Matrix profiles are used to annotate a time series in a way that makes data mining tasks within the time series simple. I will not explain what a matrix profile is within this post. Feel free to visit this page to understand more about them:

https://www.cs.ucr.edu/~eamonn/MatrixProfile.html

During the KDD 2017 conference, I had the pleasure to be introduced to the concept of the matrix profiles. Unfortunately, at the time all of the code was implemented in MatLab. I dabbled a little bit with converting the code to Python and never completed it. Last month, December 2018, someone (a Target employee) created a github repository with working algorithms. Here is the github repository:

https://github.com/target/matrixprofile-ts

My main interest of matrix profiles was the usefulness in anomaly detection. This blog post is going to demonstrate how to use the Python module to detect anomalies within a NAB dataset.

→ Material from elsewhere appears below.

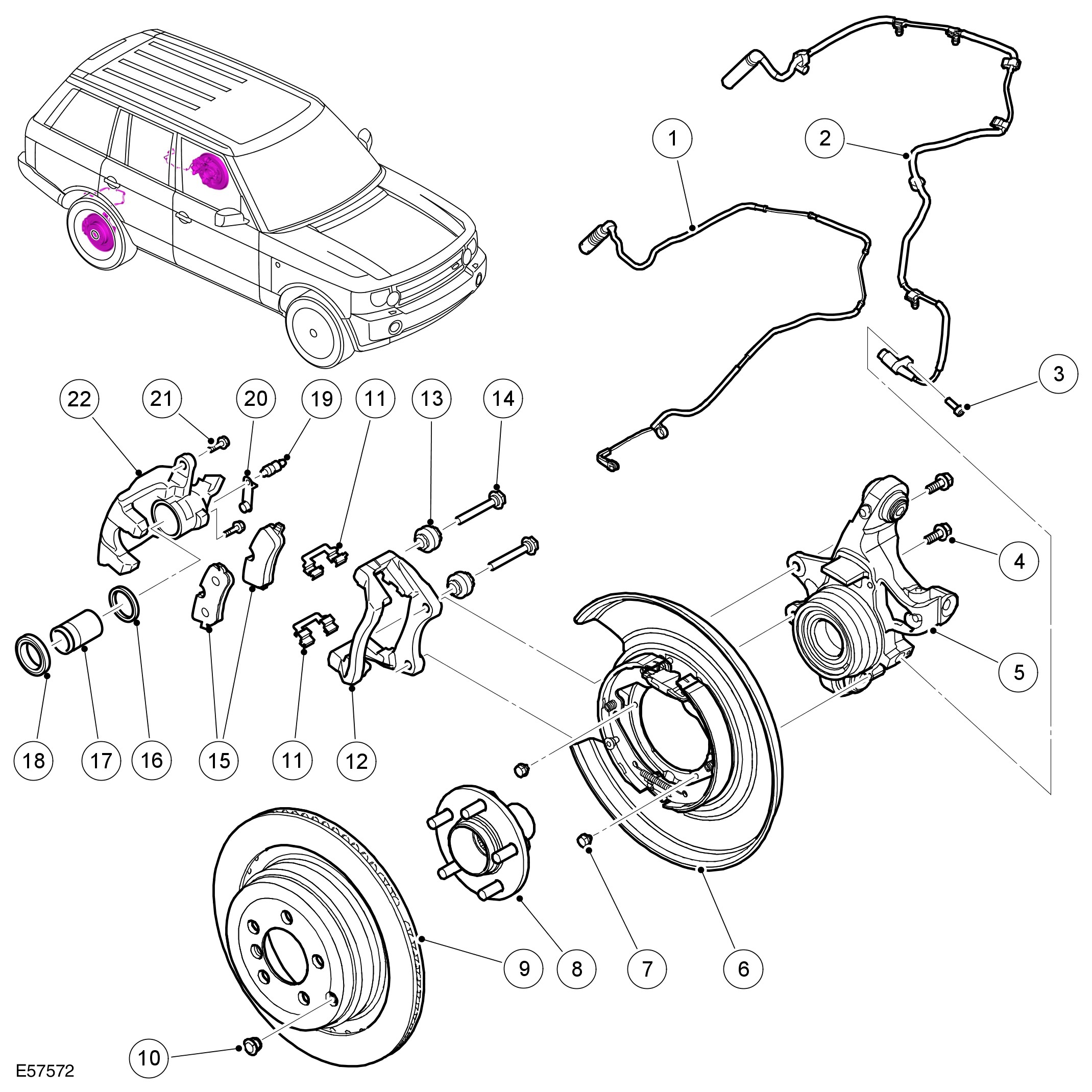 The brake caliper is attached to the rear of the rear knuckle. The brake pads are made from an asbestos free material. The inboard brake pad of the right rear brake incorporates a wear sensor.

Specifically, I am working with the NYC Taxi dataset.

Data Overview¶

The data consists of the number of taxi passengers from 2014-07-01 to 2015-01-31. There are 5 known anomalies during these periods:

NYC Marathon - 2014-11-02
Thanksgiving - 2014-11-27
Christmas - 2014-12-25
New Years - 2015-01-01
Snow Blizzard - 2015-01-26 and 2015-01-27

I will see how close the anomaly detection is using matrix profiles.

In [2]:

from matrixprofile import *
from matrixprofile.discords import discords

In [3]:

import pandas as pd
import numpy as np
from matplotlib import pyplot as plt

%matplotlib inline

Load Data¶

In [4]:

df = pd.read_csv('/home/tyler/data/nab/realKnownCause/realKnownCause/nyc_taxi.csv')

In [5]:

df['timestamp'] = pd.to_datetime(df['timestamp'])

In [6]:

df = df.set_index('timestamp').sort_index()

In [7]:

df.head()

Out[7]:

	value
timestamp
2014-07-01 00:00:00	10844
2014-07-01 00:30:00	8127
2014-07-01 01:00:00	6210
2014-07-01 01:30:00	4656
2014-07-01 02:00:00	3820

Resample Hourly¶

Originally the dataset is within 30 minute increments.

In [8]:

df = df.resample('1H').sum()

In [9]:

df.head()

Out[9]:

	value
timestamp
2014-07-01 00:00:00	18971
2014-07-01 01:00:00	10866
2014-07-01 02:00:00	6693
2014-07-01 03:00:00	4433
2014-07-01 04:00:00	4379

In [10]:

a = df.values.squeeze()

# subsequence length to compute the matrix profile
# since we have hourly measurements and want to find daily events,
# we will create a length of 24 - number of hours in a day
m = 24
profile = matrixProfile.stomp(a,m)

In [11]:

df['profile'] = np.append(profile[0],np.zeros(m-1)+np.nan)

Plot Matrix Profile¶

Below is a plot of the hourly data and the matrix profile. Visually, you can see both motifs and discords. We are interested in finding the discords which are high peaks in the plot. A couple of periods jump out that seem close to Thanksgiving and the snow storm.

In [12]:

#Plot the signal data
fig, (ax1, ax2) = plt.subplots(2,1,sharex=True,figsize=(15,10))
df['value'].plot(ax=ax1, title='Raw Data')

#Plot the Matrix Profile
df['profile'].plot(ax=ax2, c='r', title='Matrix Profile')
plt.show()

In [13]:

# exclude up to a day on the left and right side
ex_zone = 24

# we look for the 5 events specified in the data explaination
anoms = discords(df['profile'], ex_zone, k=5)

In [14]:

df.iloc[anoms]

Out[14]:

	value	profile
timestamp
2015-01-27 09:00:00	3874	3.275818
2014-11-02 00:00:00	48219	2.468237
2015-01-25 20:00:00	29503	2.094151
2014-12-31 23:00:00	35978	1.803195
2014-12-24 00:00:00	20646	1.581157

Conclusions¶

Using the matrix profile to identify discords within the NYC taxi dataset seems fruitful. All of the anomalies mentioned in the dataset overview were found. At first it can be a little tricky to think about what subsequence length to use, but once you understand your problem it becomes clear. I will be using this module more frequently when I need to identify anomalies in the future.